**WHAT TO WORK ON**
Without including the pictures, copy each line below exactly as it reads.

━━━━━ DATA FOR ANALYSIS

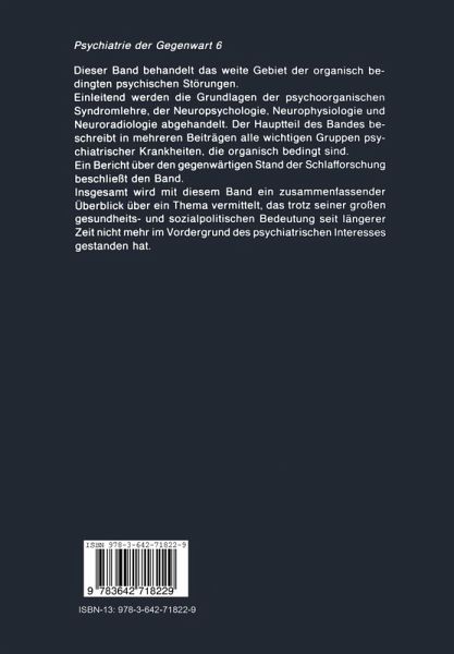 Dieser Band behandelt das weite Gebiet der organisch bedingten psychischen Störungen. Einleitend werden die Grundlagen der psychoorganischen Syndromlehre, der Neuropsychologie, Neurophysiologie und Neuroradiologie abgehandelt. Der Hauptteil des Bandes beschreibt in mehreren Beiträgen alle wichtigen Gruppen psychiatrischer Krankheiten, die organisch bedingt sind. Ein Bericht über den gegenwärtigen Stand der Schlafforschung beschließt den Band. Insgesamt wird mit diesem Band ein zusammenfassender Überblick über ein Thema vermittelt, das trotz seiner großen epidemiologischen Bedeutung seit längerer Zeit nicht mehr im Vordergrund des psychiatrischen Interesses gestanden hat.
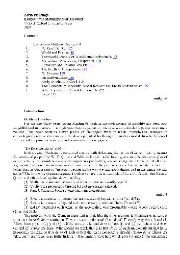 این مقالات، از اواخر دهه 1960 تا به امروز، توسعه افکار پلانتینگا را در مورد برخی از اساسی ترین مسائل در متافیزیک شرح می دهند: ماهیت اشیاء انتزاعی مانند جهان های ممکن، ویژگی ها، گزاره ها و پدیده هایی از این قبیل چیست؟ آیا اشیاء ممکن اما غیر واقعی وجود دارد؟ آیا اشیایی که وجود ندارند می توانند خصوصیات را مثال بزنند؟ پلانتینگا به این سوالات و سوالات دیگر پاسخ های کامل و نافذ می دهد.
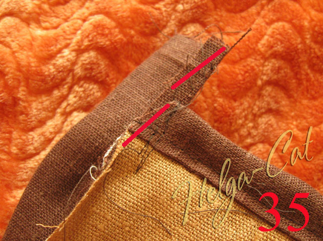 Далее процесс не описуемый, так я определяла глубину сумки.Долго черкала, вымеряла, затем прошила и срезала лишние уголки.
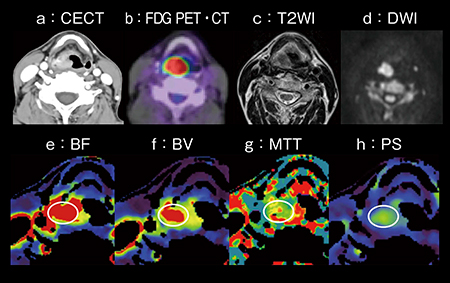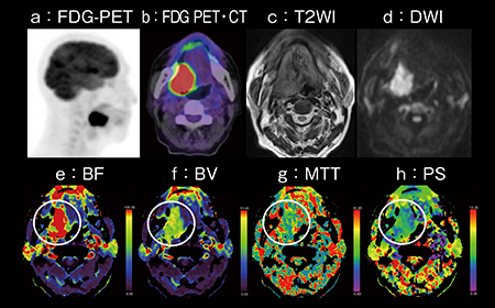 症例2(図3)は,右下咽頭がん梨状陥凹型(cT2N1M0)である。PET・CT(図3 b)にて強い集積が認められ,MRIのDWI(図3 d)では全体的に高信号で均一な印象であるが,Perfusion CTではBV(図3 f)にて血流の非常に多い部分が認められた。同部はPS(図3 h)とBF(図3 e)も高く,MTT(図3 g)は短縮していたことから,細胞の増殖が活発で,悪性度の高い部位であると判断できる。腫瘍内の悪性度の不均一が確認できれば,放射線治療計画におけるより適切な線量分布設定に貢献すると思われる。
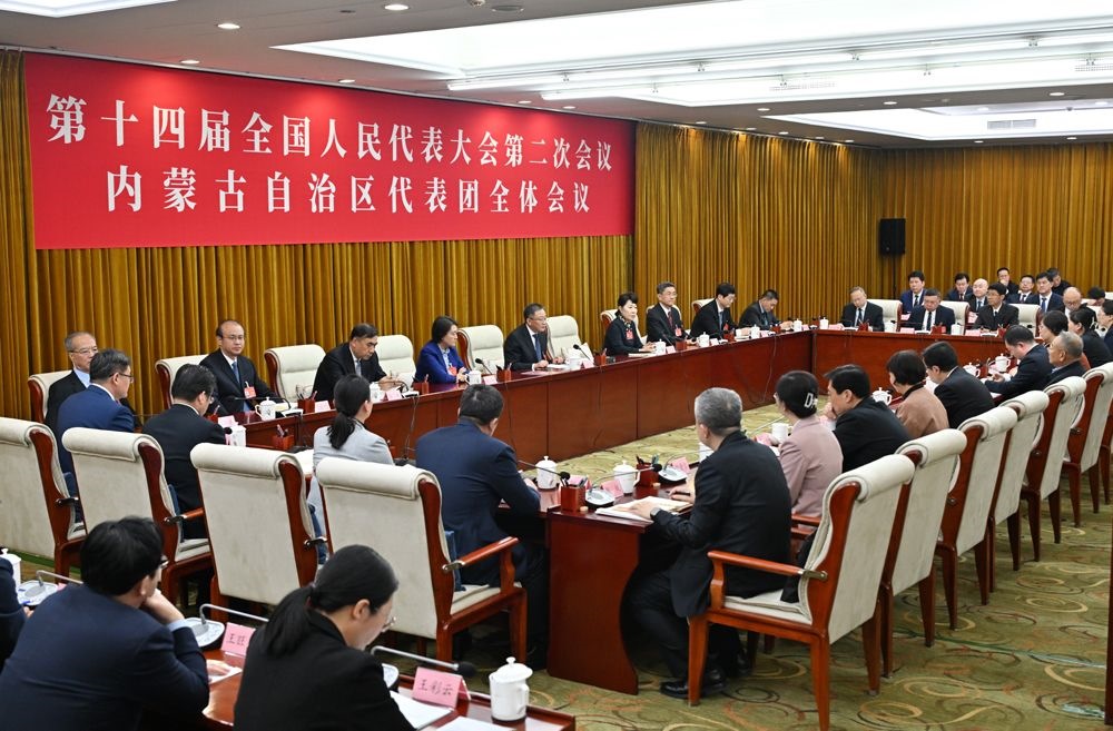 3月3日,出席十四屆全國(guó)人大二次會(huì)議的內(nèi)蒙古代表團(tuán)在駐地召開(kāi)全體會(huì)議。草原全媒記者 馬建荃 攝
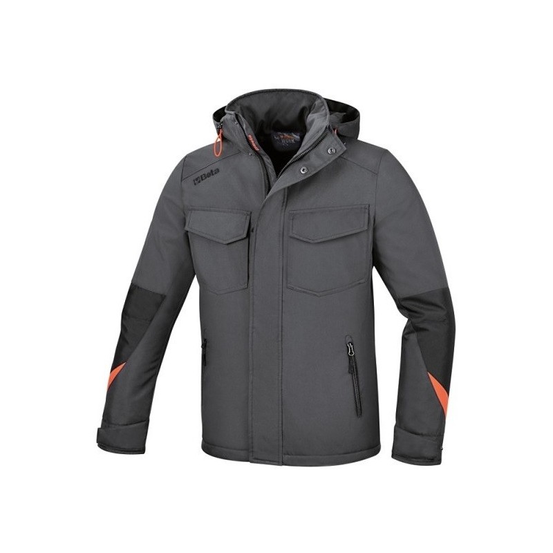 Z odpinanym kapturem i wzmocnionymi rękawami.
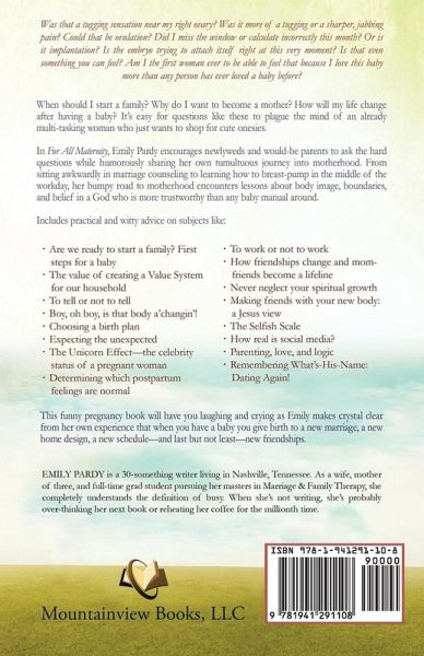 Was that a tugging sensation near my right ovary? Was it more of a tugging or a sharper, jabbing pain? Could that be ovulation? Did I miss the window or calculate incorrectly this month? Or is it implantation? Is the embryo trying to attach itself right at this very moment? Is that even something you can feel? Am I the first woman ever to be able to feel that because I love this baby more than any person has ever loved a baby before? When should I start a family? Why do I want to become a mother? How will my life change after having a baby? It's easy for questions like these to plague the mind of an already multi-tasking woman who just wants to shop for cute onesies. In For All Maternity, Emily Pardy encourages readers to ask the hard questions while humorously sharing her own tumultuous journey into motherhood. From sitting awkwardly in marriage counseling to learning how to breast-pump in the middle of the workday, this bumpy road to motherhood encounters lessons about body image, boundaries, and belief in a God who is more trustworthy than any baby manual around. Includes practical and witty advice on subjects like: · Are we ready to start a family? · The value of creating a Value System for our household · To tell or not to tell · Boy, oh boy, is that body a'changin'! · Choosing a birth plan · Expecting the unexpected · The Unicorn Effect-the celebrity status of a pregnant woman · Determining which postpartum feelings are normal · To work or not to work · How friendships change and mom-friends become a lifeline · Never neglect your spiritual growth · Making friends with your new body: a Jesus view · The Selfish Scale · How real is social media? · Parenthood-the ultimate voyage! · Remembering What's-His-Name: Dating Again! Pardy will have you laughing and crying as she makes crystal clear from her own experience that when you have a baby you give birth to a new marriage, a new home design, a new schedule-and last but not least-new friendships.
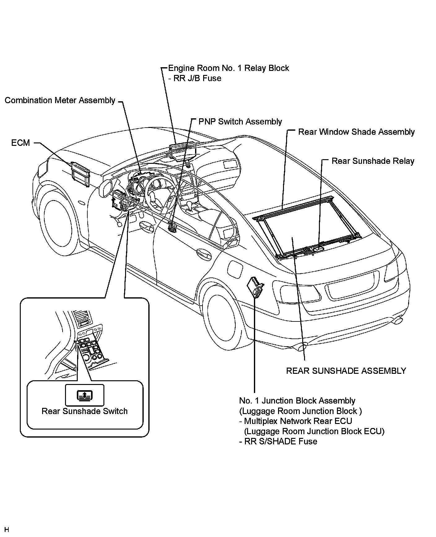 INTERIOR: REAR SUNSHADE SYSTEM: PARTS LOCATION

━━━━━━━━━━

**RESULT OF THIS EXERCISE**
 Dieser Band behandelt das weite Gebiet der organisch bedingten psychischen Störungen. Einleitend werden die Grundlagen der psychoorganischen Syndromlehre, der Neuropsychologie, Neurophysiologie und Neuroradiologie abgehandelt. Der Hauptteil des Bandes beschreibt in mehreren Beiträgen alle wichtigen Gruppen psychiatrischer Krankheiten, die organisch bedingt sind. Ein Bericht über den gegenwärtigen Stand der Schlafforschung beschließt den Band. Insgesamt wird mit diesem Band ein zusammenfassender Überblick über ein Thema vermittelt, das trotz seiner großen epidemiologischen Bedeutung seit längerer Zeit nicht mehr im Vordergrund des psychiatrischen Interesses gestanden hat.
 این مقالات، از اواخر دهه 1960 تا به امروز، توسعه افکار پلانتینگا را در مورد برخی از اساسی ترین مسائل در متافیزیک شرح می دهند: ماهیت اشیاء انتزاعی مانند جهان های ممکن، ویژگی ها، گزاره ها و پدیده هایی از این قبیل چیست؟ آیا اشیاء ممکن اما غیر واقعی وجود دارد؟ آیا اشیایی که وجود ندارند می توانند خصوصیات را مثال بزنند؟ پلانتینگا به این سوالات و سوالات دیگر پاسخ های کامل و نافذ می دهد.
 Далее процесс не описуемый, так я определяла глубину сумки.Долго черкала, вымеряла, затем прошила и срезала лишние уголки.
 症例2(図3)は,右下咽頭がん梨状陥凹型(cT2N1M0)である。PET・CT(図3 b)にて強い集積が認められ,MRIのDWI(図3 d)では全体的に高信号で均一な印象であるが,Perfusion CTではBV(図3 f)にて血流の非常に多い部分が認められた。同部はPS(図3 h)とBF(図3 e)も高く,MTT(図3 g)は短縮していたことから,細胞の増殖が活発で,悪性度の高い部位であると判断できる。腫瘍内の悪性度の不均一が確認できれば,放射線治療計画におけるより適切な線量分布設定に貢献すると思われる。
 3月3日,出席十四屆全國(guó)人大二次會(huì)議的內(nèi)蒙古代表團(tuán)在駐地召開(kāi)全體會(huì)議。草原全媒記者 馬建荃 攝
 Z odpinanym kapturem i wzmocnionymi rękawami.
 Was that a tugging sensation near my right ovary? Was it more of a tugging or a sharper, jabbing pain? Could that be ovulation? Did I miss the window or calculate incorrectly this month? Or is it implantation? Is the embryo trying to attach itself right at this very moment? Is that even something you can feel? Am I the first woman ever to be able to feel that because I love this baby more than any person has ever loved a baby before? When should I start a family? Why do I want to become a mother? How will my life change after having a baby? It's easy for questions like these to plague the mind of an already multi-tasking woman who just wants to shop for cute onesies. In For All Maternity, Emily Pardy encourages readers to ask the hard questions while humorously sharing her own tumultuous journey into motherhood. From sitting awkwardly in marriage counseling to learning how to breast-pump in the middle of the workday, this bumpy road to motherhood encounters lessons about body image, boundaries, and belief in a God who is more trustworthy than any baby manual around. Includes practical and witty advice on subjects like: · Are we ready to start a family? · The value of creating a Value System for our household · To tell or not to tell · Boy, oh boy, is that body a'changin'! · Choosing a birth plan · Expecting the unexpected · The Unicorn Effect-the celebrity status of a pregnant woman · Determining which postpartum feelings are normal · To work or not to work · How friendships change and mom-friends become a lifeline · Never neglect your spiritual growth · Making friends with your new body: a Jesus view · The Selfish Scale · How real is social media? · Parenthood-the ultimate voyage! · Remembering What's-His-Name: Dating Again! Pardy will have you laughing and crying as she makes crystal clear from her own experience that when you have a baby you give birth to a new marriage, a new home design, a new schedule-and last but not least-new friendships.
 INTERIOR: REAR SUNSHADE SYSTEM: PARTS LOCATION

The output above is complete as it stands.